Directions for this task ::
Begin with the first line below and retype each line exactly through the line containing "4754 DÜZOVA SİYAH METAL - DERİ ANAHTARLIK". Any pictures are to be left out.

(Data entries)
---------------

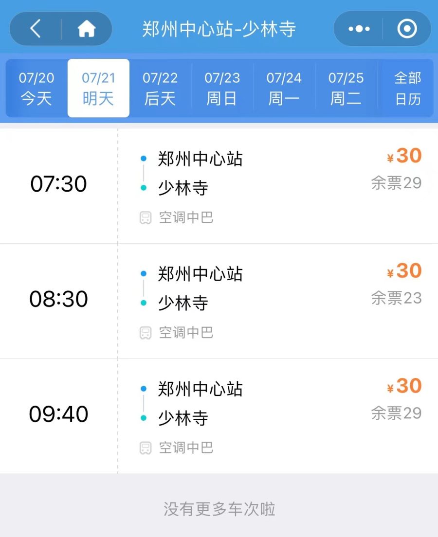 交通攻略:可从郑州直接乘坐去往少林寺的大巴车,一天共三班,可在微信上搜索“豫州行”,进入小程序“豫州行汽车票城际拼车快车预订”,搜索“郑州中心站-少林寺”即可订票。
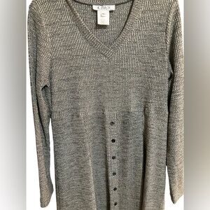 VTG Clues Collections Women’s Maxi V-neck Empire Babydoll Waist Functional Button Front Long Sleeve Black Gray Dress Sz XL Some Stretch Made in USA Clean Good Vintage Preowned Condition.
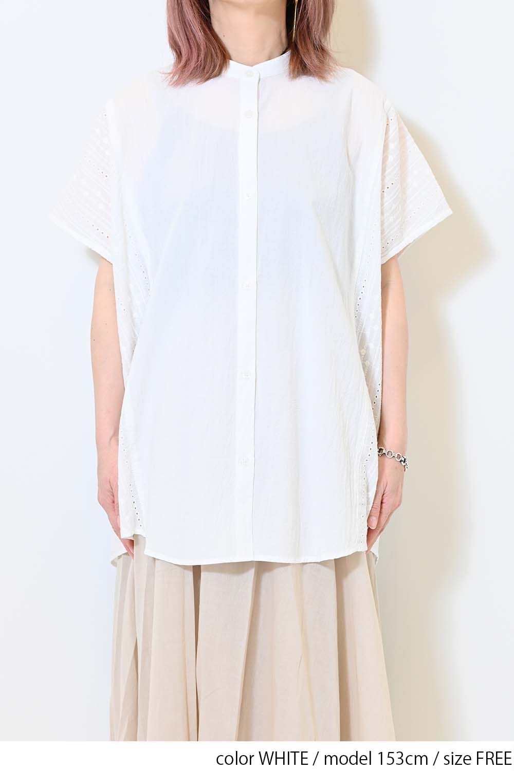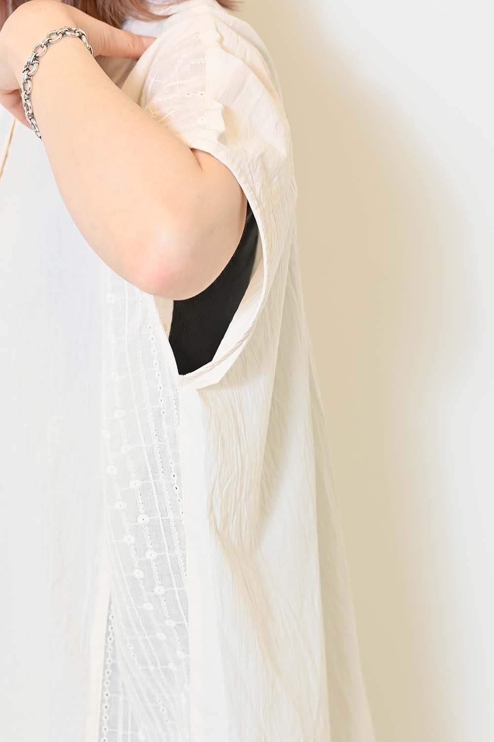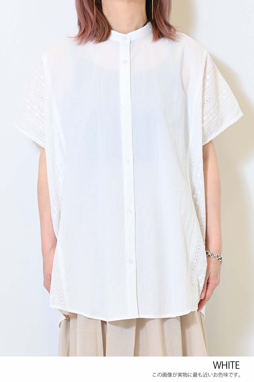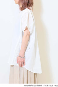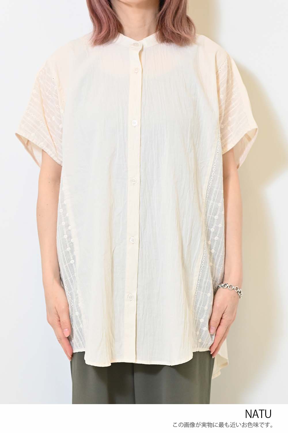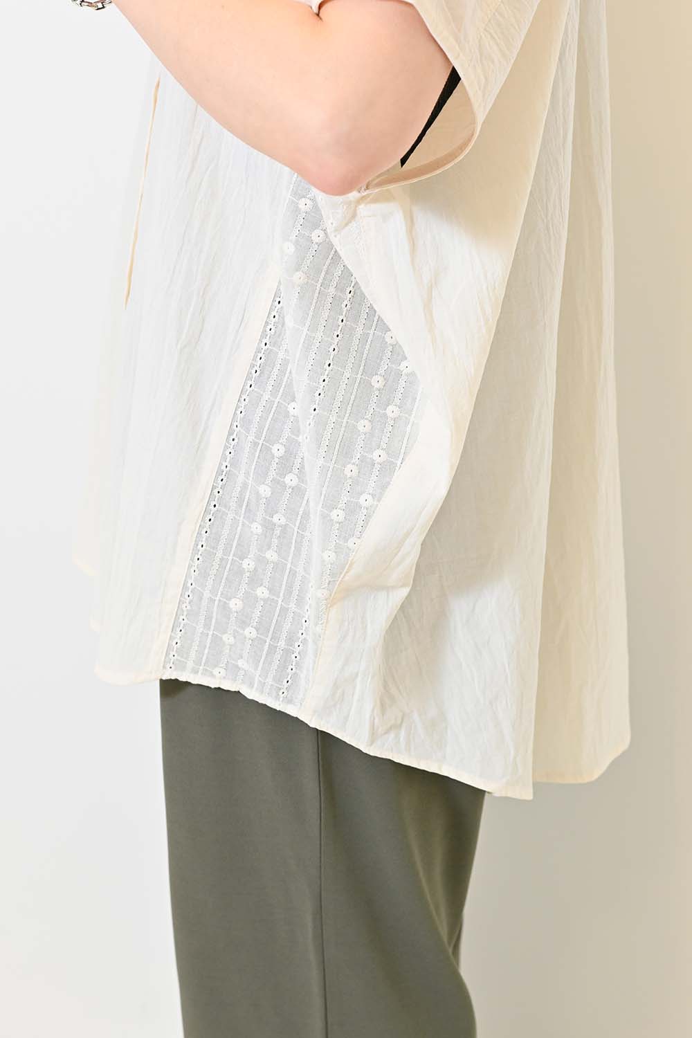 洗いざらしのような風合いが魅力のウォッシャブルコットンに、繊細な綿レースをサイドに切り替えた、涼しげな印象のドルマンワイドシャツチュニックです。
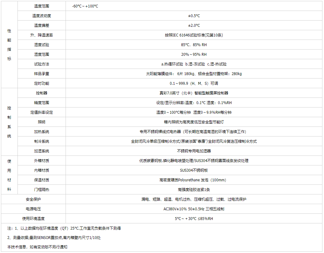 光伏濕凍試驗箱適用于光伏組件(太陽能電池板)做熱循環(huán)、濕凍循環(huán)、高溫高濕雙85試驗,以確認組件能否承受高溫高濕之后隨之的負溫度影響,以及對于溫度重復變化時引起的疲勞和熱失效,另外確定光伏組件曝露在高濕度下而產生的熱應力及能夠抵抗?jié)駳忾L期滲透的能力.是光伏組件行業(yè)必不可少的測試設備。
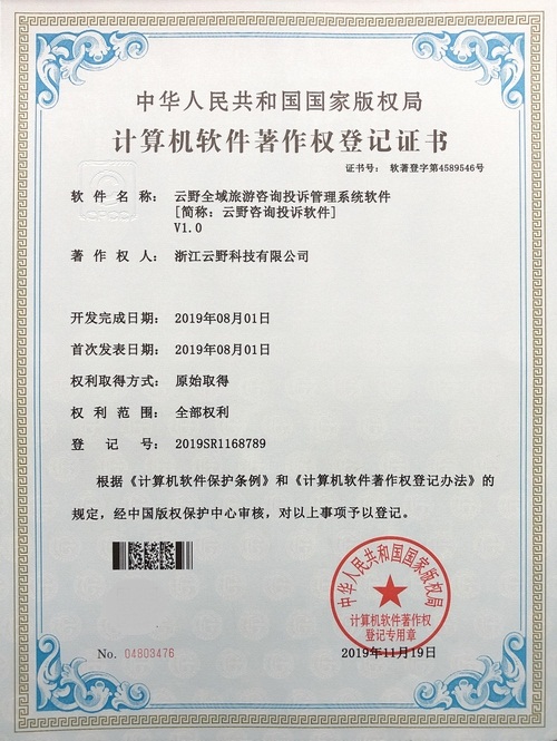 《云野全域旅游咨詢投訴管理系統(tǒng)軟件V1.0》于2019年11月19日被正式授予《中華人民共和國國家版權(quán)局計(jì)算機(jī)軟件著作權(quán)登記證書》,登記號(hào)為2019SR1168789。
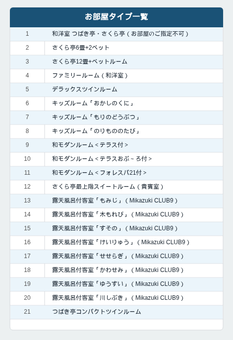 “日光きぬ川ホテル三日月”には、以下のように様々なお部屋タイプがあります。
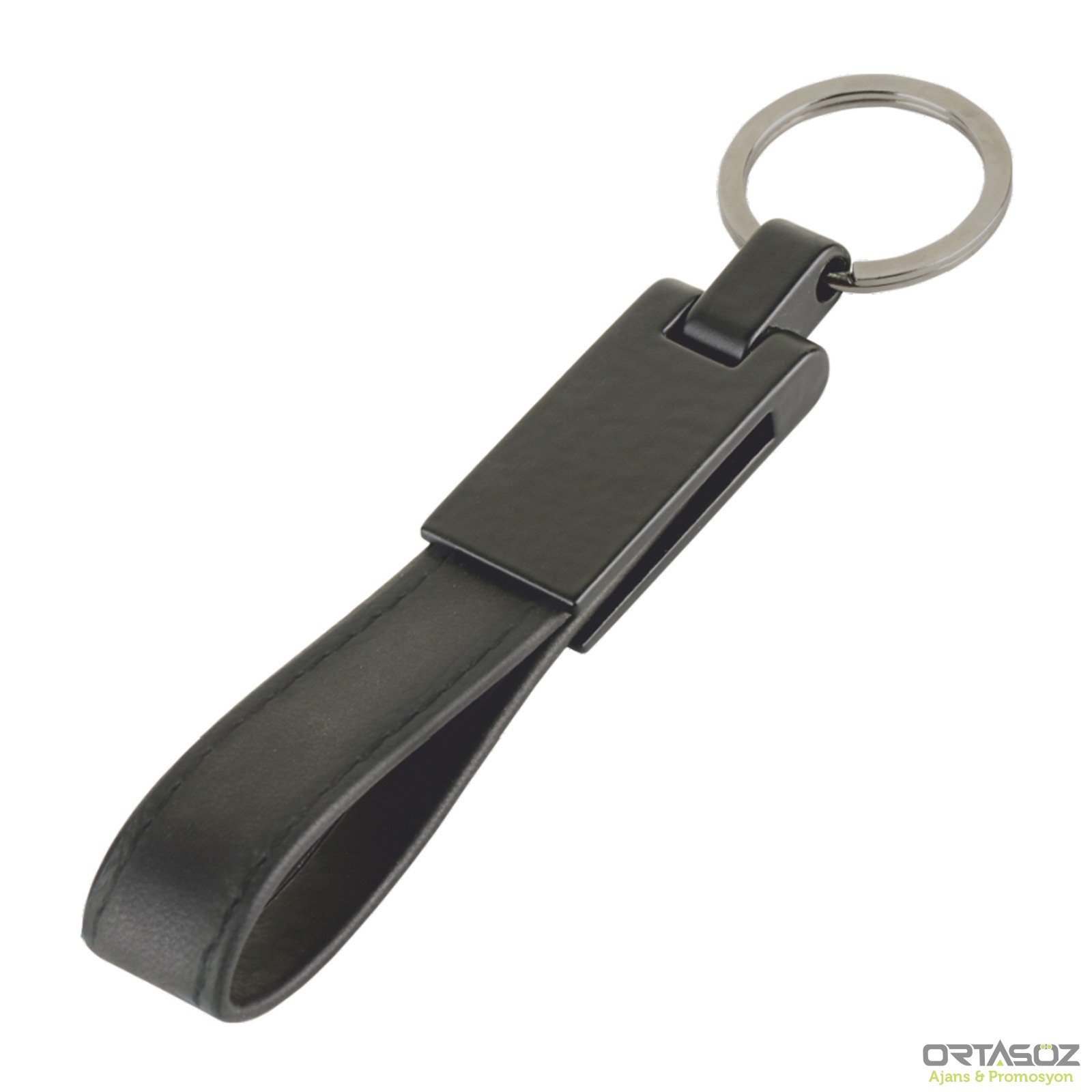 4754 DÜZOVA SİYAH METAL - DERİ ANAHTARLIK
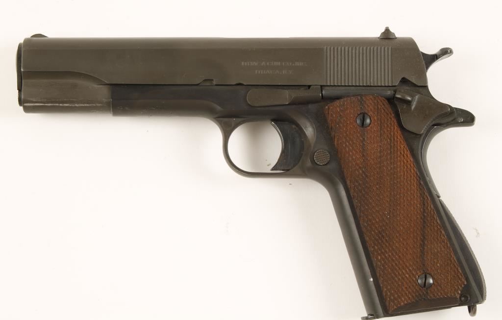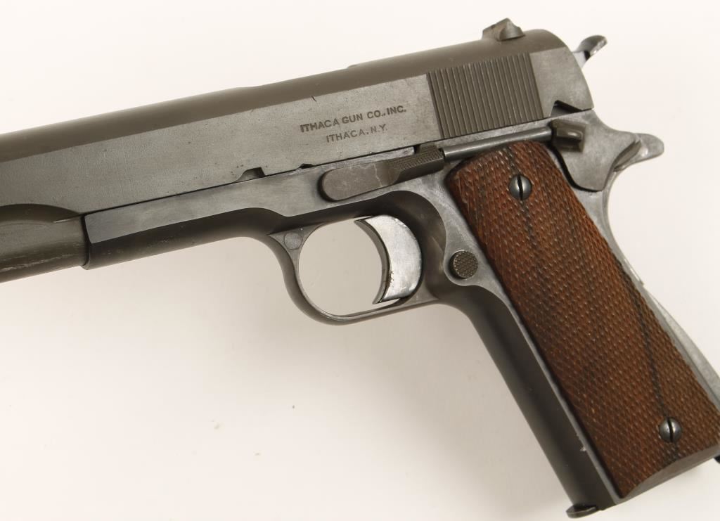 Blued steel Ithaca slide, arsenal replacement "779" barrel and black alloy frame with an applied serial number. Has early rounded spur checkered hammer, checkered bolt stop and serrated wide tab thumb safety. Trigger is smooth with no adjustments. Mainspring housing appears to be an Argentine Sistema 27 part. Bore is mirror bright with lots of rifling. Action and safety perform as designed. Grips are checkered wood in flawless condition. Condition is very good. *Modern Firearm*
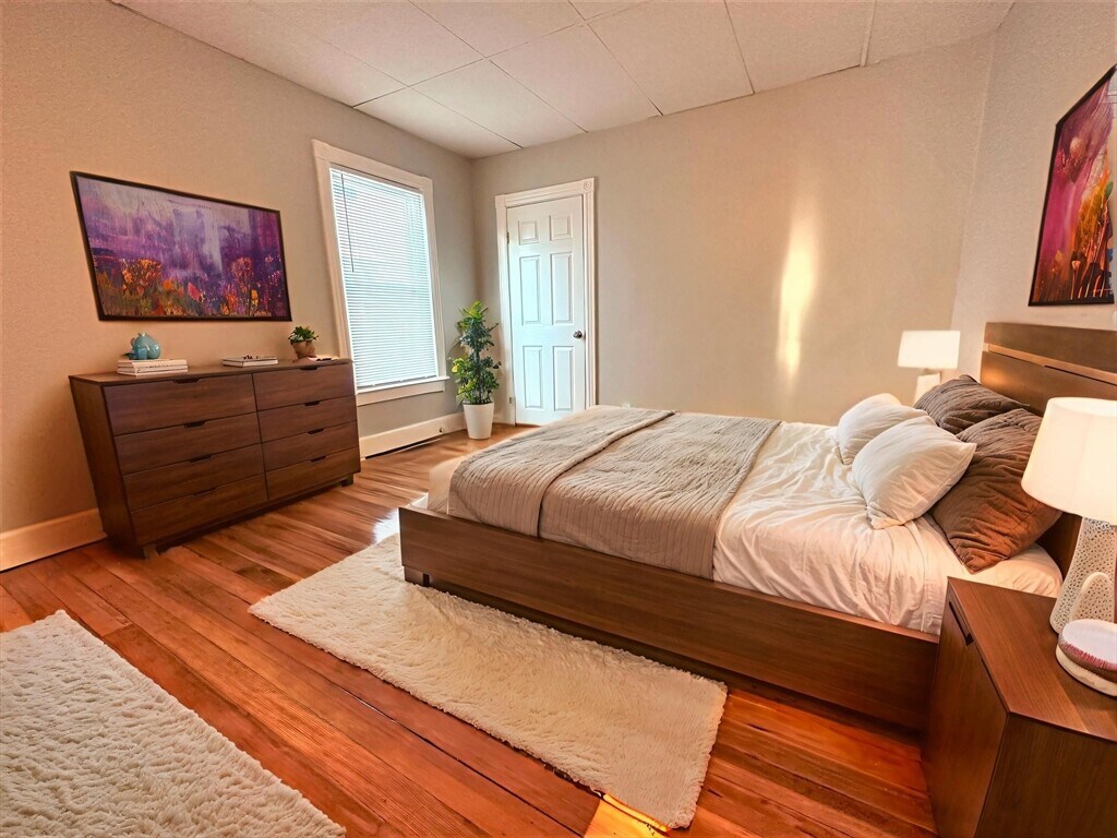 First floor apartment with hardwood floors & private front entrance with private porch/deck that is covered! NEWER Gas heat (forced hot air) and hot water! Replacement windows,HUGE eat-it kitchen and coin-op laundry. 2 off-street parking spots. Ideal location in a quiet 4 family house. LOCKABLE STORAGE UNIT just for your apartment in basement. DUMPSTER on-site (so you don't have to buy town bags). CATS OK. OPEN HOUSE ONLY for interior walk throughs THIS FRIDAY 10/10 FROM 5-6 PM & SATURDAY 10/11 FROM 1-2 PM. JUST SHOW UP. APPLICATIONS will be available at the open houses THIS FRIDAY & SATURDAY! MLS# 73441491

---------------

Written reply ::
 交通攻略:可从郑州直接乘坐去往少林寺的大巴车,一天共三班,可在微信上搜索“豫州行”,进入小程序“豫州行汽车票城际拼车快车预订”,搜索“郑州中心站-少林寺”即可订票。
 VTG Clues Collections Women’s Maxi V-neck Empire Babydoll Waist Functional Button Front Long Sleeve Black Gray Dress Sz XL Some Stretch Made in USA Clean Good Vintage Preowned Condition.
 洗いざらしのような風合いが魅力のウォッシャブルコットンに、繊細な綿レースをサイドに切り替えた、涼しげな印象のドルマンワイドシャツチュニックです。
 光伏濕凍試驗箱適用于光伏組件(太陽能電池板)做熱循環(huán)、濕凍循環(huán)、高溫高濕雙85試驗,以確認組件能否承受高溫高濕之后隨之的負溫度影響,以及對于溫度重復變化時引起的疲勞和熱失效,另外確定光伏組件曝露在高濕度下而產生的熱應力及能夠抵抗?jié)駳忾L期滲透的能力.是光伏組件行業(yè)必不可少的測試設備。
 《云野全域旅游咨詢投訴管理系統(tǒng)軟件V1.0》于2019年11月19日被正式授予《中華人民共和國國家版權(quán)局計(jì)算機(jī)軟件著作權(quán)登記證書》,登記號(hào)為2019SR1168789。
 “日光きぬ川ホテル三日月”には、以下のように様々なお部屋タイプがあります。
 4754 DÜZOVA SİYAH METAL - DERİ ANAHTARLIK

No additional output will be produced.